Avant d’être ravagée par la passion dans Duel au soleil de King Vidor, Jennifer Jones fût une très convaincante « folle ingénue » pour Ernst Lubitsch dans ce film de 1946 qui fût le dernier du réalisateur.
Le scénario aurait pu convenir à un mélodrame larmoyant avec une orpheline élevée par un oncle rigide qui l’envoie, contre son gré, servir comme domestique dans une famille d’aristocrates installée dans la campagne anglaise, milieu au sein duquel elle ne pourra s’intégrer à cause de sa fantaisie naturelle. Le film se situe en 1938, alors que l’ombre de la guerre avec l’Allemagne nazie plane sur la Grande Bretagne, Charles Boyer, l’autre vedette du film, interprète d’ailleurs un réfugié tchèque sans le sou et pique-assiette, ennemi d’Hitler (l’est-il vraiment d’ailleurs réfugié ? mais cela c’est une autre histoire...).
Tout était donc en place, avec cette trame et ce contexte, pour une histoire où l’on ne rigole pas beaucoup. Mais c’était compté sans Ernst Lubitsch, l’homme qui transforma l’occupation nazie de la Pologne en une pétaradante comédie dans « To be or not to be », un spécialiste du mélange des genres donc. De fait, on rit beaucoup dans « Cluny Brown », grâce à ses dialogues brillants, ciselés flirtant, par moment, avec le non sens. Je ne résiste pas au plaisir de citer une ligne de dialogue où le personnage de Charles Boyer essayant de convaincre Cluny que sa place est là où elle est heureuse dit approximativement « A Hyde Park, par exemple, certains donnent des noix aux écureuils, mais si vous voulez donner des écureuils aux noix, qui suis-je pour juger ?»
Un des thèmes qui parcourt le film, sans que l’on s’en aperçoive sur le coup tant tout est fluide (le film est le contraire d’une thèse), c’est l’opposition entre une société britannique guindée, immobile, engoncée dans ses principes, figée dans ses rapports de classe et la liberté, le mouvement, le mépris des conventions et des risques qui caractérisent les deux personnages principaux.
Chacun est dans son registre. Le personnage de Charles Boyer, roublard, d’une grande intelligence et conscience, est superbe dans la dèche et sa maîtrise du verbe subjugue ses interlocuteurs. Le personnage de Jennifer Jones a une extravagance naturelle et charmante, une absence de censure
(ah la scène, si érotique, où, éméchée, elle gazouille et miaule littéralement sur un divan),
une gentillesse, une naïveté qui, parfois, l’apparente à une « ravissante idiote ».
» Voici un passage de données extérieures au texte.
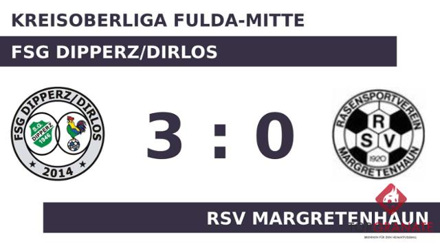 Oliver Bröcker brachte die FSG Dipperz/Dirlos in der 15. Minute in Front. Den Unterschied zwischen den beiden Mannschaften machte bis zur Pause lediglich ein Treffer aus, den die FSG für sich beanspruchte. In der Halbzeit nahm der RSV Margretenhaun gleich zwei Wechsel vor. Fortan standen Christian Klewitz und Dominik Hintze für Felix Bug und Jeremias Hess auf dem Platz. Johannes Heil schoss die Kugel zum 2:0 für die FSG Dipperz/Dirlos über die Linie (49.). Für ruhige Verhältnisse sorgte Lars Müller, als er das 3:0 für DiDi besorgte (70.). Die Gastgeber stellten in der 85. Minute personell um: Jonas Burkart ersetzte Müller und damit ein nomineller Verteidiger den anderen. Als Schiedsrichter Klaus Montag (Fulda) die Begegnung beim Stand von 3:0 letztlich abpfiff, hatte die FSG Dipperz/Dirlos die drei Zähler unter Dach und Fach.

Le film n’est en rien un réquisitoire, aucun personnage n’est réellement méchant mais plutôt victime des préjugés de son époque. Seul le pharmacien auquel Cluny Brown croit, un temps, vouloir se fiancer est très chargé tellement il est figé dans la contemplation satisfaite de son minuscule statut social et dans le puritanisme – la première caractéristique dont il affuble Cluny qui sollicite de lui un commentaire sur son apparence est son « intelligence »...-.
Il est, par ailleurs, affublé d’une mère encore plus rigide que lui qui s’exprime uniquement par des raclements de gorges…
On est loin de l’éloquence du personnage de Charles Boyer… Ces scènes de « flirt » sont un vrai morceau de bravoure, une formidable réussite comique d’une rare inventivité.
Courrez voir cette merveille de plus de 70 ans qui n’a pas pris une ride !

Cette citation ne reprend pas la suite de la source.